In the first half of the book there is in some of these accounts, ostensibly of Tolstoy's last year, a good deal of flash-back to earlier times; and I found that device somewhat artificial, when, for example, Parini has the doctor say, `I am small ... Though I am hardly an old man, not having yet passed fifty, I am quite bald'. On those occasions I thought that I would rather be reading a straightforward narrative account of that last year, which could equally well have brought out how Tolstoy was regarded by his adoring entourage and the dislike which everyone in the story felt for almost everyone else.
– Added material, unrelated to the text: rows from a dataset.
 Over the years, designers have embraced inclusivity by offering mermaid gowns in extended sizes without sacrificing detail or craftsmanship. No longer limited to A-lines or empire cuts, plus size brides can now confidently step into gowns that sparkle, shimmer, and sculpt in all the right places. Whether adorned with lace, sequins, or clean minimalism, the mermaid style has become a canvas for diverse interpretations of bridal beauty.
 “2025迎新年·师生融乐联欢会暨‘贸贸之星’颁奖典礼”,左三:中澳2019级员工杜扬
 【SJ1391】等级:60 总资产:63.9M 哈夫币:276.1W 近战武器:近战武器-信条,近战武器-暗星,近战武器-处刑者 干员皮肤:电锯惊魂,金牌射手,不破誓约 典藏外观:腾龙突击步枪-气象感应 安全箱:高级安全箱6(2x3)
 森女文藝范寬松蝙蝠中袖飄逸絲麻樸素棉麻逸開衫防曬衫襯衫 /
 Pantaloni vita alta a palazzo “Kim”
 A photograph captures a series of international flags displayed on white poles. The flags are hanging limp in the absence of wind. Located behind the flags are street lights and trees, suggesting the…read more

In particular they all (daughter Sasha included) ganged up on Tolstoy's unhappy and neurotic wife, who may not have shared Tolstoy's lofty ideas, but who had so much more affection for him than he seemed to have for her.
In the second half of the book, this irritant falls away as the haunting story develops. There is old Tolstoy himself: deeply emotional; adored by his disciples and by the crowds who turned out to greet him at railway stations; guilt-ridden about his wealth and about whether his actions were really inspired by idealism or by a kind of selfishness; tormented by his exasperation with his wife; pulled hither and thither between giving in to her or to his devotion to Chertkov. She, in turn, was maddened by the hold that the detested Chertkov had over her husband. Tolstoy had even handed over his diaries for safe-keeping to him. Sofia bullied her weary husband to have them returned to her, and then used them against him to devastating effect. She was also tormented by the idea that Chertkov would persuade Tolstoy to leave all his writings to the nation instead of providing an income for her and her children by assigning the copyright to them - and this indeed Chertkov accomplished. (Sofia will have to live on a pension from the Tsar.)
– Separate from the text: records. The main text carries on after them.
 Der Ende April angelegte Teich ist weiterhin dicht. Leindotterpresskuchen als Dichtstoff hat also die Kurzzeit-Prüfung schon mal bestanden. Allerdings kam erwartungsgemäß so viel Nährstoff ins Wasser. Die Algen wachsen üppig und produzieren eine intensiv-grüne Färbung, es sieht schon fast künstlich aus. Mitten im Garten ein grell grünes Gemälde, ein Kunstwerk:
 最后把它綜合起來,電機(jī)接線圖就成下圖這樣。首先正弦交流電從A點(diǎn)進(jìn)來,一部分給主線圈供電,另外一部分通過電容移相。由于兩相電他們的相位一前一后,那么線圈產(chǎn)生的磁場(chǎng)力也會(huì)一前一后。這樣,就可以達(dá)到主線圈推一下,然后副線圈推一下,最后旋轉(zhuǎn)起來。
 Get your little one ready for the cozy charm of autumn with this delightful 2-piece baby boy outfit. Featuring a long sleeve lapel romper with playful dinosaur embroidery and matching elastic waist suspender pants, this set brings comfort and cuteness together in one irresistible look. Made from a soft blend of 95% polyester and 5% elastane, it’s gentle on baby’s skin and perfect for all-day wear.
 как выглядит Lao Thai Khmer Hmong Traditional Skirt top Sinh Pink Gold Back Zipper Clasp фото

In the end Tolstoy fled from his home, hoping perhaps to die as a solitary hermit, though he took his doctor with him, and Sasha knew his whereabouts. He died nine days later in the house of the station master at Astapovo. His family had found him, though Sofia was only admitted to see him when he was no longer conscious. The press camped outside the house, as did people who came from far and wide.
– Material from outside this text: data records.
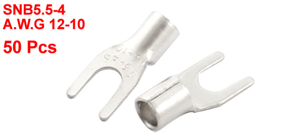 50PCS Uninsulated Furcate Fork Terminals Cable Lug AWG 12-10 SNB5.5-4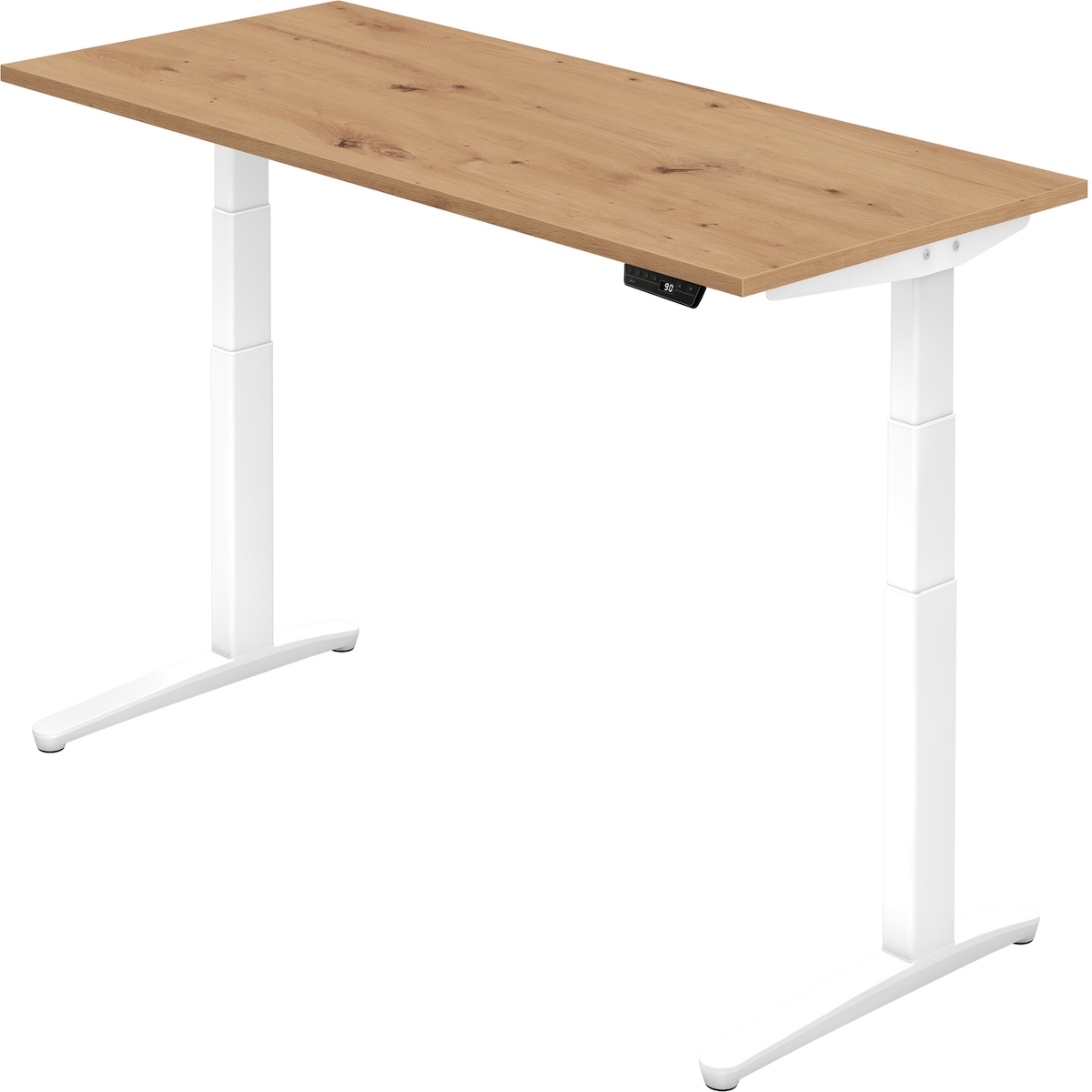 Bisley E-WonderTech elektrisch höhenverstellbarer Schreibtisch 180x80 cm in Weiß/Eiche - Elektrischer Tisch höhenverstellbar mit Memory-Funktion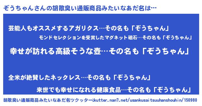 | 意味不明あだ名 | 『ぞうちゃんフォーエバー』 |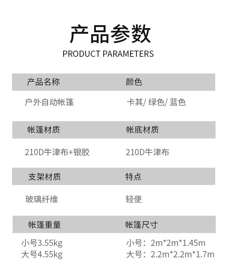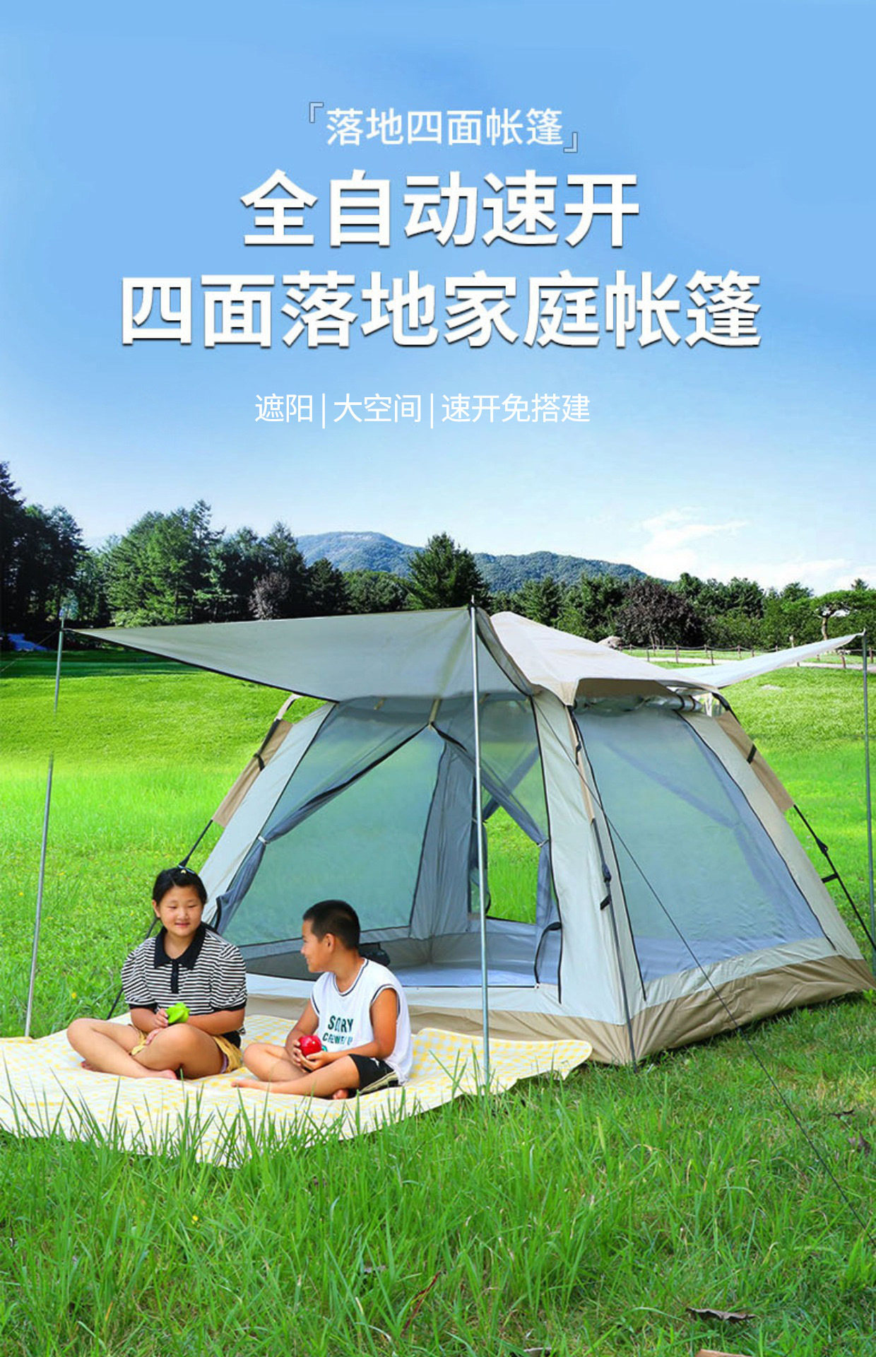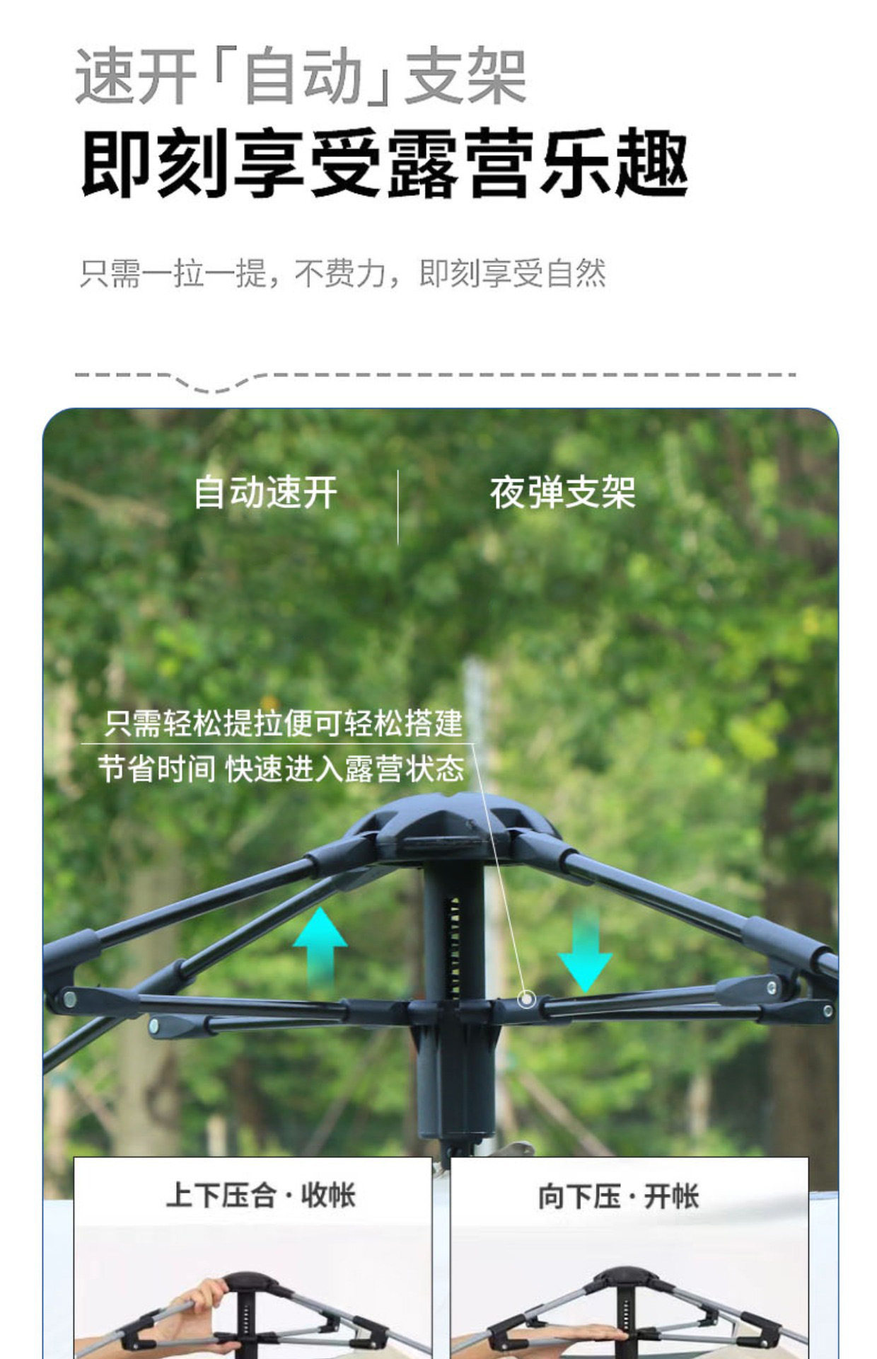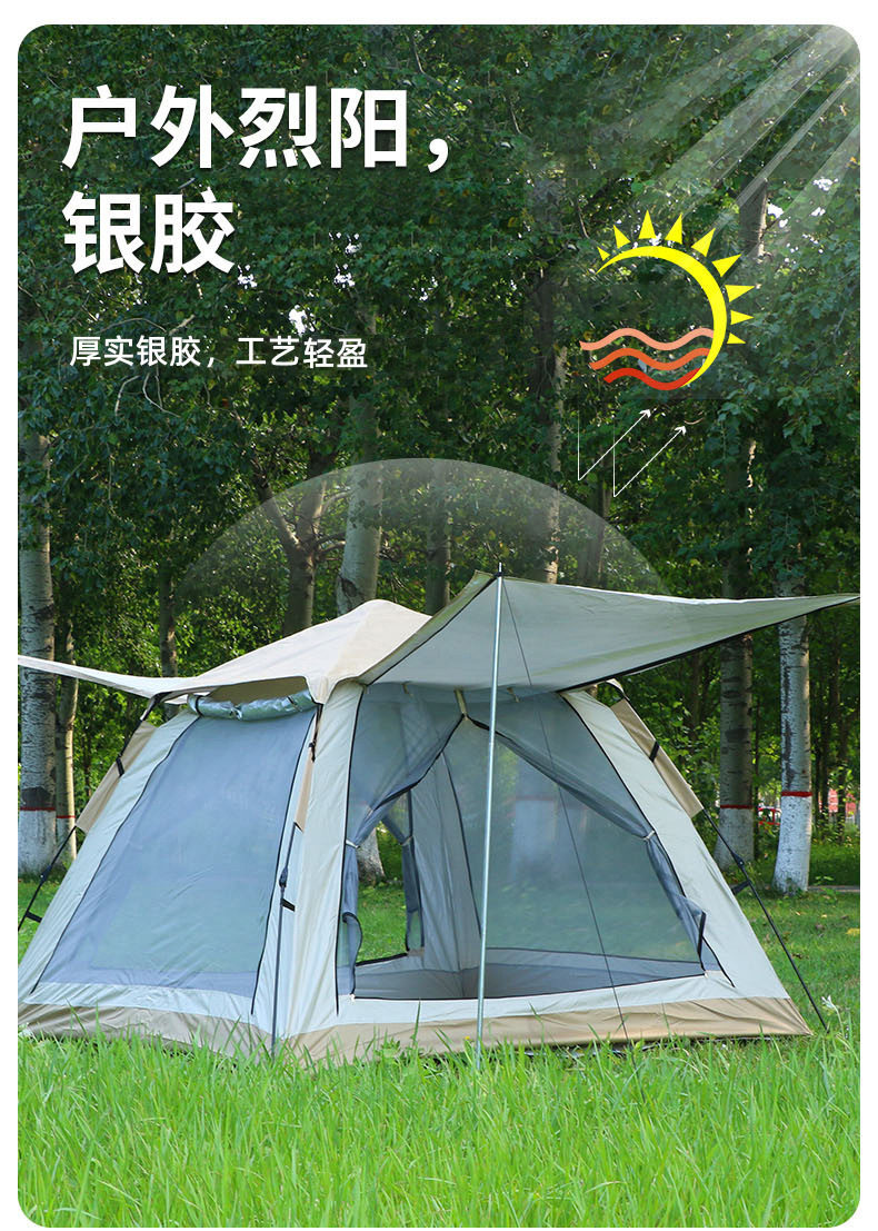 戶外露營野餐遮陽棚免搭建速開可攜式帳篷防水防曬銀膠黑膠雙層帳

As Parini says himself, his novel sails as close as possible to the shore line of the literal events that made up the last year of Tolstoy's life, and this is confirmed by reading, for example, the relevant pages of Henri Troyat's biography of Tolstoy. I do not feel that Parini has added as much imagination or artistry to his story as Leonid Tsypkin did when, in his `Summer at Baden-Baden', he described a year in the life of Dostoevsky (see my Amazon review). But comparisons are odious; the story is well re-told; the characters are well described; and the pathos of both Tolstoy's and Sofia's life in that year is well captured.